Sinn Fein Leader Urges IRA to Disarm - 2001-10-22

In what was billed as a major policy statement Monday, the leader of the Sinn Fein party - the political wing of the Irish Republican Army - has formally asked the paramilitary group to disarm in order to save the Northern Ireland peace process.

Sinn Fein leader Gerry Adams said he and the party's chief negotiator, Martin McGuinness, had been in discussions with the IRA on the matter. "We have put to the IRA leadership the view that, if it could make a groundbreaking move on the arms issue, that this could save the peace process from collapse and transform the situation," he said.

IRA disarmament has been a major roadblock to full implementation of the 1998 Good Friday peace accord to end three decades of sectarian violence in Northern Ireland.

The IRA has been under renewed pressure on the issue since the September 11 terrorist attacks against the United States. Many pro-British politicians in Northern Ireland consider the IRA to be a terrorist organization.

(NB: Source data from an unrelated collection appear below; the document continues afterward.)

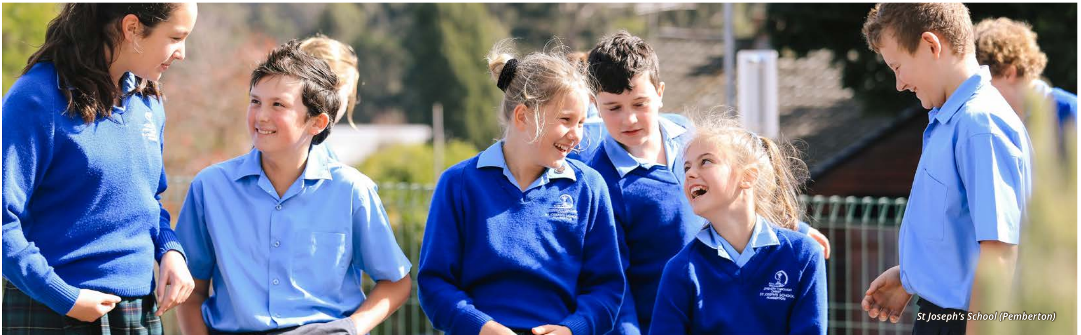
St Joseph's School (Pemberton)

CEWA recognises that some non-diocesan schools may be adversely affected by the DMI funding model in 2022 and 2023, and may be seeking Transition Assistance. CEWA will convene a meeting of adversely affected non-diocesan schools in 2022 to determine appropriate support that might be required after an assessment of their context. Potential support would be provided from the accumulated Transition Assistance funds. CEWA will advise DESE of any allocations proposed for 2022 and 2023 and the adjustments that might be required to subsequent CAF budgets.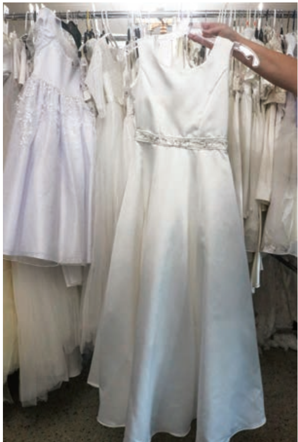
Dreams Can Happen also now has a great selection of children's dresses.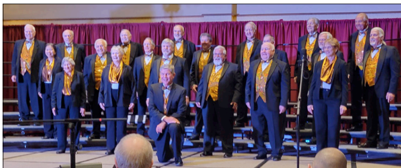
Hernando Harmonizers Hernando County, FL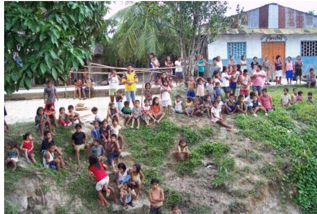
Waiting on the banks of the village for Amazon Hope to Arrive

The Vine Trust supports projects in developing countries and is partnering Scripture Union Peru with the development of a medical project to deliver a health care service for up to 100,000 people in the Peruvian Amazon. Key to this strategy is our medical ships, the Amazon Hope 1 and 2 which can access remote communities in the region. Join us on a trip of a lifetime to bring hope to the people of the Peruvian Amazon by spending two weeks working with Scripture Union Peru on the maintenance of the Amazon Hope ships.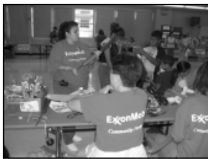
ExxonMobil Volunteers at work

Volunteers from ExxonMobil and Knowledge is Power Program Academy helped provide family-friendly activities such as balloon art and face painting. HEB contributed refreshments for the volunteers and families who attended.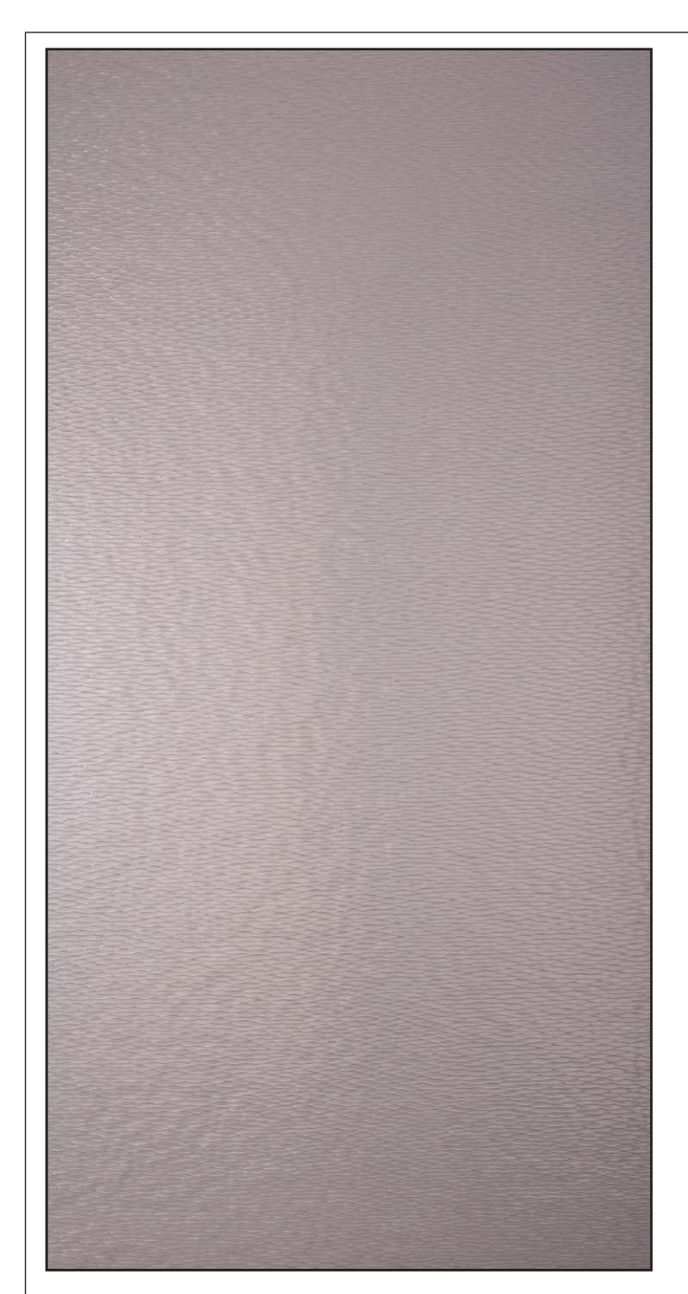
FULL SHEET PATTERN ORIENTATION

NOTE: THE ABOVE ILLUSTRATION IS FOR ORIENTATION ONLY. ACTUAL PATTERN MAY VARY FROM PATTERN SHOWN.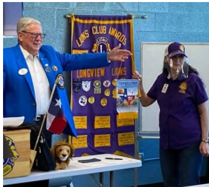
Longview Lions Club Visit

Governor Chet’s goal was to visit every club in the district, in person, despite the pandemic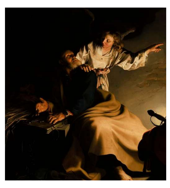
(Artist: Abraham Bloemaert Date: 1625)

But finally in the end I shall cross the endless mortal desert.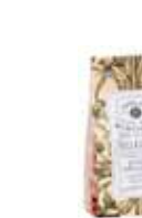
BISCOTTI DOLCI BAG 719 / 6 oz.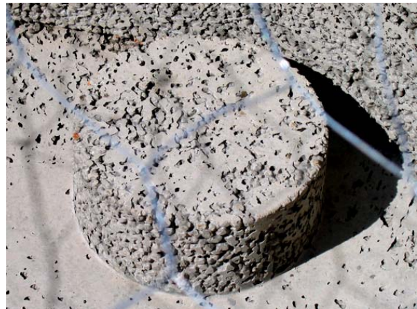
Figure 4. Fire Pit Foot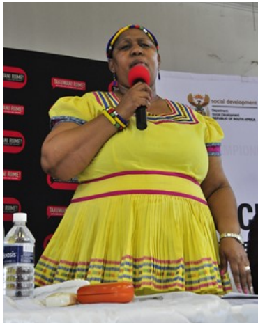
Deputy Minister for social Development, Ms Hendrietta Bogopane-Zulu addressing the Men's Parliament in Modimolle.

The two interventions form part of the Boys and Men Championing Change programme which is implemented under the banner of Takuwani Riime Men's Movement. The initiatives are anchored in the belief that achieving gender equality is about transforming unequal power and gender relations

Last week, the British province's senior Protestant politician, David Trimble, pulled his party out of Northern Ireland's executive administration. But he said his Cabinet ministers would rejoin the government, if the IRA begins disarmament.

Gerry Adams held talks with Mr. Trimble and with Britain's Northern Ireland secretary, John Reid, before his speech to party activists in Belfast.

In a separate speech, Mr. Reid said the IRA is being asked to join "a new historical dynamic," which would be rewarded by Britain, the United States, and the world community.